Add support for automatic join column deduplication in DataFrame joins #1185

kosiew · 2025-07-08T13:39:23Z

Which issue does this PR close?

Closes Simplify Joins on Shared Column Name #1173

Rationale for this change

This change improves usability and interoperability by adding an optional deduplicate=True flag to DataFrame joins. In many real-world datasets, join keys exist in both tables with the same name.

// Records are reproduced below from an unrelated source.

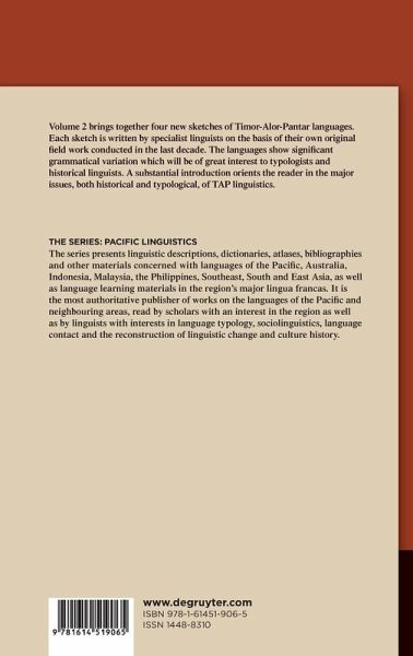 Volume 2 brings together four new sketches of Timor-Alor-Pantar languages. Each sketch is written by specialist linguists on the basis of their own original field work conducted in the last decade. The languages show significant grammatical variation which will be of great interest to typologists and historical linguists. A substantial introduction orients the reader in the major issues, both historical and typological, of TAP linguistics.
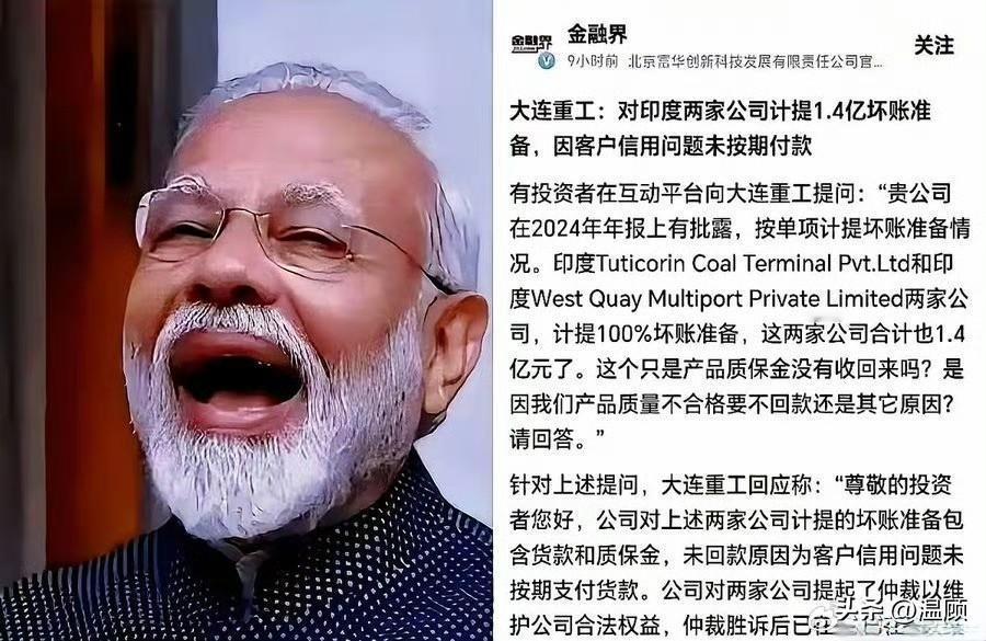 大连重工把港口设备运到印度、调试完工,尾款+质保金1.4亿却被以“信用问题”拒付。 国际仲裁胜诉又怎样?印度公司直接申请破产重整,判决书瞬间变废纸。 工资、本地银行、税款优先清偿,中国企业排在最后,回款基本无望。 这不是商业纠纷,是精准金蝉脱壳+合法赖账组合拳:设备照用,钱就是不还。 莫迪天天喊欢迎投资,现实却是: 印度赚钱印度花,一分别想带回家。 这已经不是个案,是印度部分企业的标准套路,中企出海真的要擦亮眼睛!
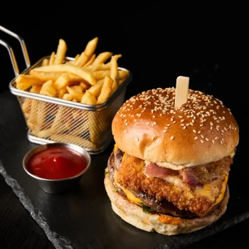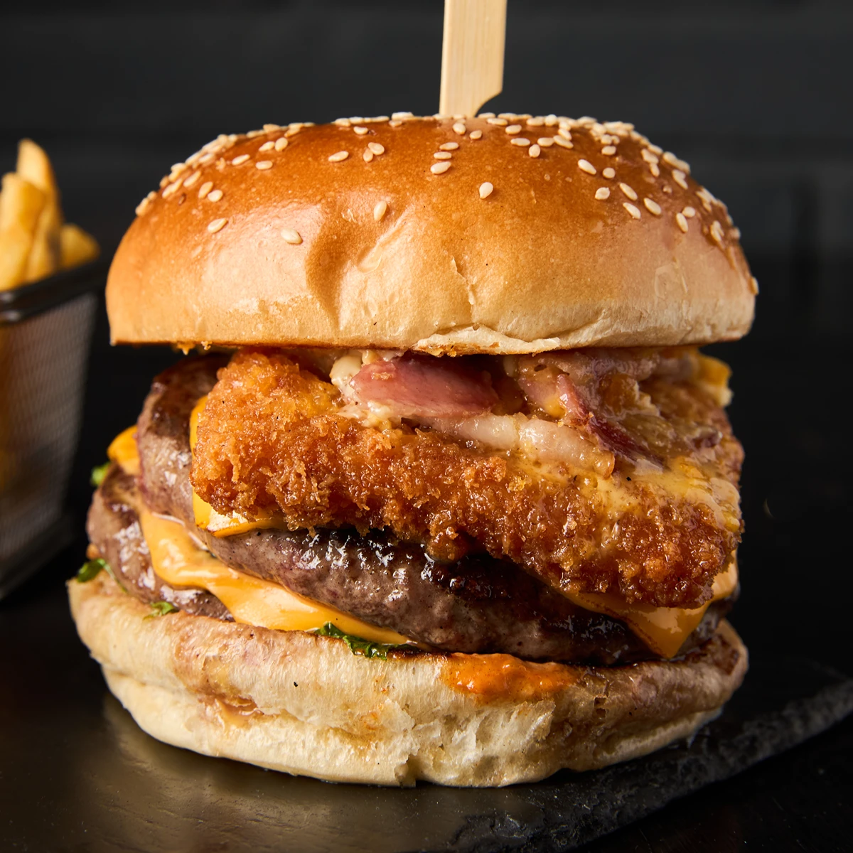 Beef cutlet, double cheddar cheese, breaded white cheddar cheese, bacon, maple syrup, cheese sauce, romaine lettuce.
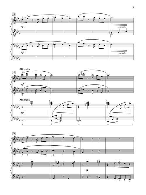 Smooth, sparse, and sinuous - this jazz-tinged duet will thrill and delight. Includes an optional improvisatory section. Key: C Minor.
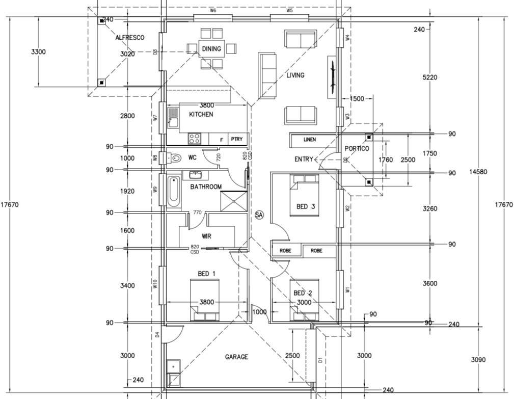 - Modern kitchen and dining area leading into lounge room.
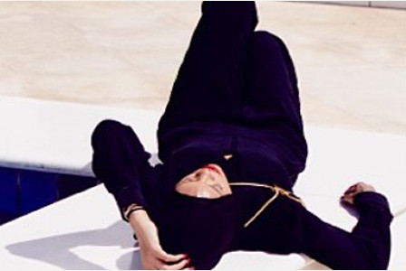 Φορούσε μια κατάμαυρη άνετη φόρμα και μαντήλα στα μαλλιά. Μοναδικές παραφωνίες στη σεμνή της αμφίεση ήταν το κατακόκκινο κραγιόν και τα έντονα νύχια.
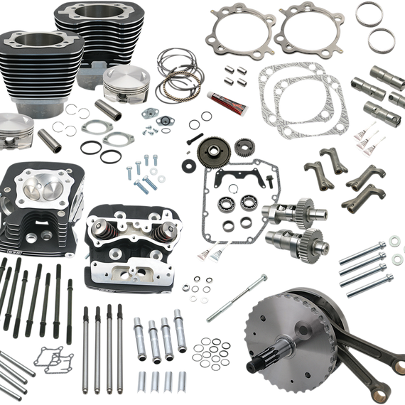 • Includes 4.125" bore cylinders and forged dished pistons, S&S 4.625" stroke flywheel assembly, S&S .640" lift chain-drive Easy Start cams, tappets, S&S Quickee adjustable pushrods, roller rocker arms, and all hardware, gaskets and instructions
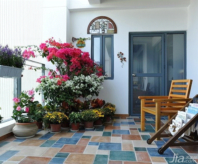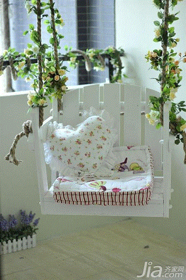 半封闭式的阳台,配上用花藤残绕的秋千,放上一个坐垫,不仅舒适美观,还节省了空间。

Prior to this PR, this resulted in conflicting column names in the output and required manual disambiguation or column renaming.

This feature aligns with the behavior in other DataFrame libraries like PySpark, making joins easier and more intuitive for users by optionally removing duplicate join columns from the right-hand side.

What changes are included in this PR?

Introduced a deduplicate argument to the DataFrame.join() method.
Refactored join key resolution into a _prepare_join helper method.
Implemented _deduplicate_right logic to rename right-hand join keys with unique aliases.
Automatically drops aliased join columns after use.
Applies coalesce to resolve null values in outer/right joins.
Updated the user guide with documentation and examples of disambiguation and deduplication.
Added comprehensive tests for:
- Basic deduplication
- Multi-column joins with deduplication
- Select behavior post-join
- All supported join types (inner, left, right, full)

Are these changes tested?

✅ Yes. Tests are included to verify:

Join outputs match expectations with and without deduplication.
Correct schema after deduplication.
Select operations behave as expected post-join.
All supported join types are covered.

Are there any user-facing changes?

✅ Yes. A new deduplicate keyword argument is available for DataFrame.join(). When enabled, it automatically removes duplicate join columns from the right DataFrame, simplifying common workflows and avoiding column naming conflicts.

This feature is backward-compatible and opt-in.

📘 User documentation has been updated with detailed usage examples, best practices, and behavior notes.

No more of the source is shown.